When fresh, unrefined zeal deepens past the surface, past the level where the erosion of daily life always threatens to wash away our confidence in God, another kind of laughter emerges. The narrator of Sarah’s story says, “The LORD dealt with Sarah as he had said, and the LORD did for Sarah as he had promised.” Believing God’s promise to fulfill all of God’s promises leads to the thankful laughter of surrender. This laugh of relief usually begins with a long exhale and ends with a small, almost inaudible chuckle. This isn’t surrender in the sense of “giving up,” but in the sense of “giving over.” When we give over to God all of our insecurities and anxieties and fears and limitations, we realize that God has already given us the ability to rest in God’s promises. And we thank God for the willingness to embrace us, love us, and transform our lives.
Sarah’s life changes when she conceives and bears her son Isaac. Nine months before, she was laughing incredulously at the thought that she could have a child. But here he is. And Sarah says, “God has brought laughter for me.” In saying this, she’s having a little joke of her own—in Hebrew, Isaac means “laughter.” I imagine Sarah holding him in her arms, a small swaddled gift from God. I imagine his little fist clutching her old, leathery finger. I imagine her throwing her head back and laughing the sparkling laughter of joy. This laugh is unrestrained and spontaneous and unique for every one of God’s children. This laugh connects us to the God who is the source of our joy. When sparkling laughter wells up within us and spills from our lips, we proclaim that God has made our joy complete, as Jesus says in John’s Gospel.
Sarah says, “God has brought laughter for me,” and then she continues, “Everyone who hears will laugh with me.” Our laughter is a testimony, a witness to the movement of God in our lives and in the world. In the story of Peter Pan, J.M. Barrie echoes this witness: “When the first baby laughed for the first time, the laugh broke into a thousand pieces and they all went skipping about, and that was the beginning of fairies.” When God’s movement in our lives causes us to laugh—incredulously, zealously, thankfully, sparklingly—our laughs break, like our bread, and skip across a world in dire need of something to laugh about.
So laugh for the joy that God is calling us to love and serve God and each other. Laugh for the thankfulness that God equips us for this loving service. Laugh for the faith that nothing is impossible and nothing is too wonderful for the LORD.

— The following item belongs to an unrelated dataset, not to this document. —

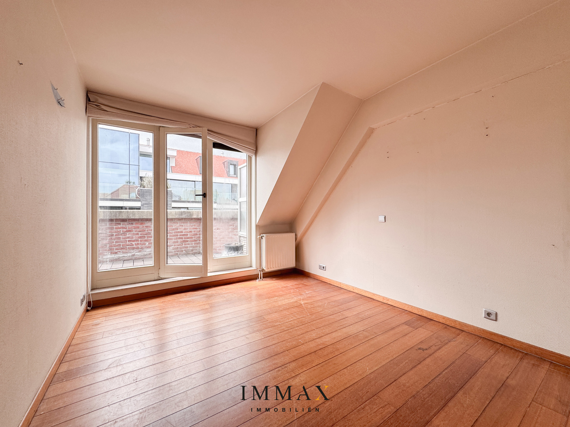 KIKR realiseert een nieuw vastgoedproject in het centrum van Knokke, op de hoek van de Bayauxlaan en Leopoldlaan, vlak bij de Lippenslaan. Dit ruime duplex-hoekappartement op de bovenste verdieping wordt volledig gerenoveerd tot een stijlvolle, eigentijdse woonst of luxueus tweede verblijf. Met 2 slaapkamers, 2 badkamers, een bewoonbare oppervlakte van ca. 110 m² en een doorlopend west- en zuidgericht terras van ca. 22 m² met zijdelings zeezicht, combineert dit project licht, ruimte en topligging. Een doordachte renovatie met hoogwaardige materialen moet dit appartement laten uitgroeien tot een duurzame investering in één van de meest gegeerde buurten van Knokke.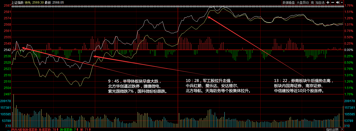 今天漲停家數(shù)較上一交易日有所增加,兩市78家漲停,兩市總成交額約為3110元,較上一交易日放量556億元。盤面上,券商、高送轉(zhuǎn)、保險(xiǎn)等板塊漲幅居前,白酒、黃金等板塊跌幅居前。

(Sermon for June 15, 2008 || Proper 6, Year A RCL || Genesis 18:1-15; 21:1-7)
2 thoughts on “Laugh tracking”
Excellent article on laughter. I really enjoyed it.
You make some great points about bad and good laughter.
Really liked your thoughts in this one. reminds me of the times when I preach to people who are much older than me…they all seem to smile like grandparents watching their grandchild as he makes that first wondorous climb up a tree…and then I say 40 is old and the smile vanishes…and I laugh the awkward laugh of sticking my foot in my mouth.